Pictures in the entries below are to be left out; otherwise, reproduce exactly the lines from the first through the line containing "宝鸡市粮油市场价格监测信息周报表(第12期)".

Segment Start: Provided entries

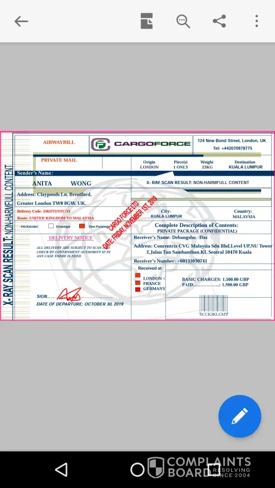Also attaching the screenshot of the so called airway bill document sent by the scammer.
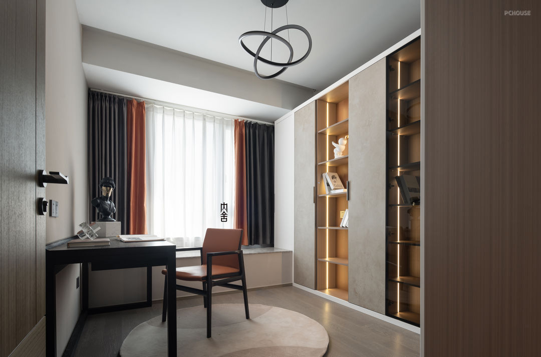 书房整体化繁为简,靠墙做立柜,衣柜做折叠门设计,可以更方便的使用内部空间。书柜区域为透明柜门+内置灯,简约美观
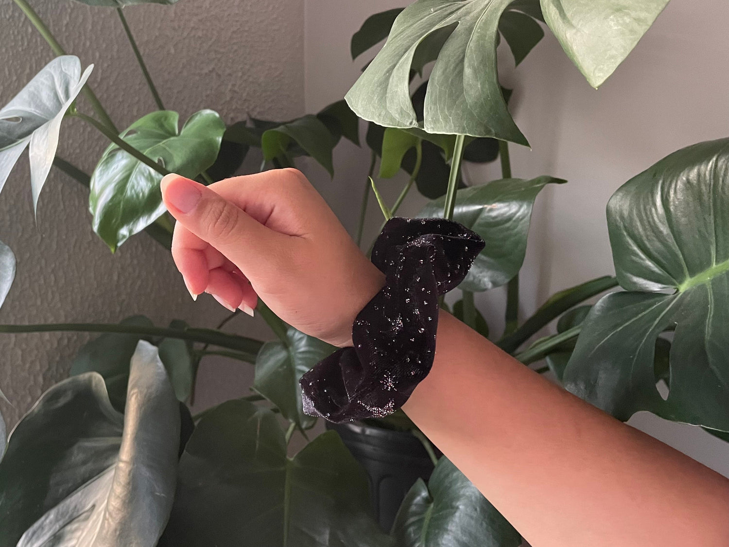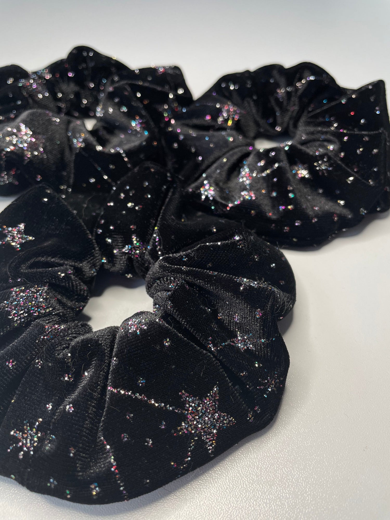 All of our scrunchies are delicately handmade. We carefully choose all of our fabrics with our customers in mind. This scrunchie was made using a beautiful black velvet fabric with a glitterly celestial pattern.
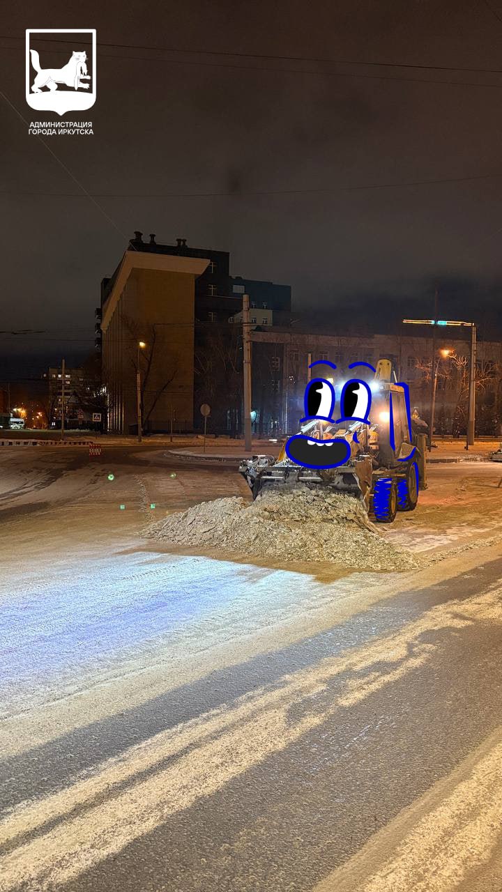 Доброй ночи, Иркутск! Трудолюбивый тракторёнок усердно работает, очищая дороги нашего города. Посмотрите, сколько снега уже собрано. Настоящий мастер своего дела!Мэрия Иркутска работает для вас с заботой)#Жизнь_иркутских_тракторят
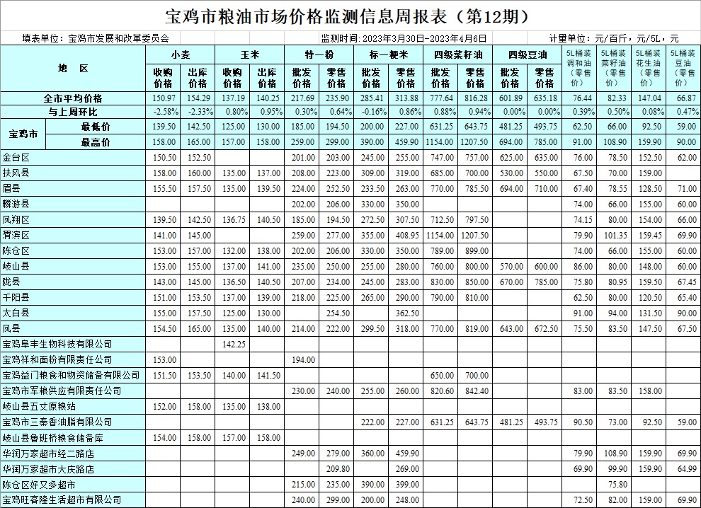 宝鸡市粮油市场价格监测信息周报表(第12期)
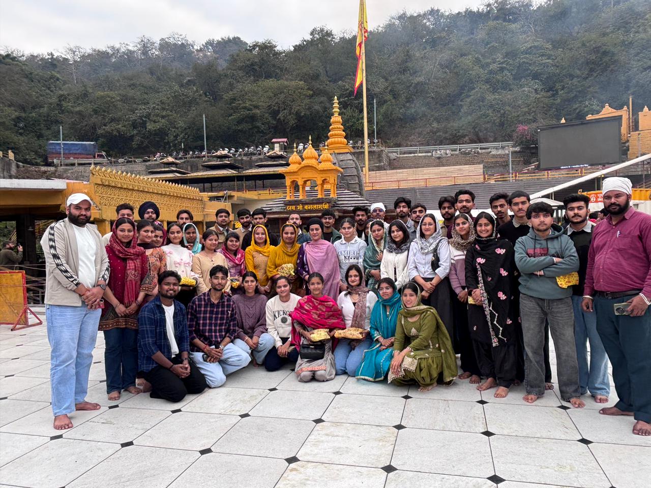 Upon reaching Mata Baglamukhi Temple, the students and faculty members offered prayers to Goddess Baglamukhi and sought her divine blessings. The temple, known for its strong spiritual aura and religious importance, provided a peaceful and sacred environment for all devotees.

Segment End: Provided entries

== Finished exercise ==
Also attaching the screenshot of the so called airway bill document sent by the scammer.
 书房整体化繁为简,靠墙做立柜,衣柜做折叠门设计,可以更方便的使用内部空间。书柜区域为透明柜门+内置灯,简约美观
 All of our scrunchies are delicately handmade. We carefully choose all of our fabrics with our customers in mind. This scrunchie was made using a beautiful black velvet fabric with a glitterly celestial pattern.
 Доброй ночи, Иркутск! Трудолюбивый тракторёнок усердно работает, очищая дороги нашего города. Посмотрите, сколько снега уже собрано. Настоящий мастер своего дела!Мэрия Иркутска работает для вас с заботой)#Жизнь_иркутских_тракторят
 宝鸡市粮油市场价格监测信息周报表(第12期)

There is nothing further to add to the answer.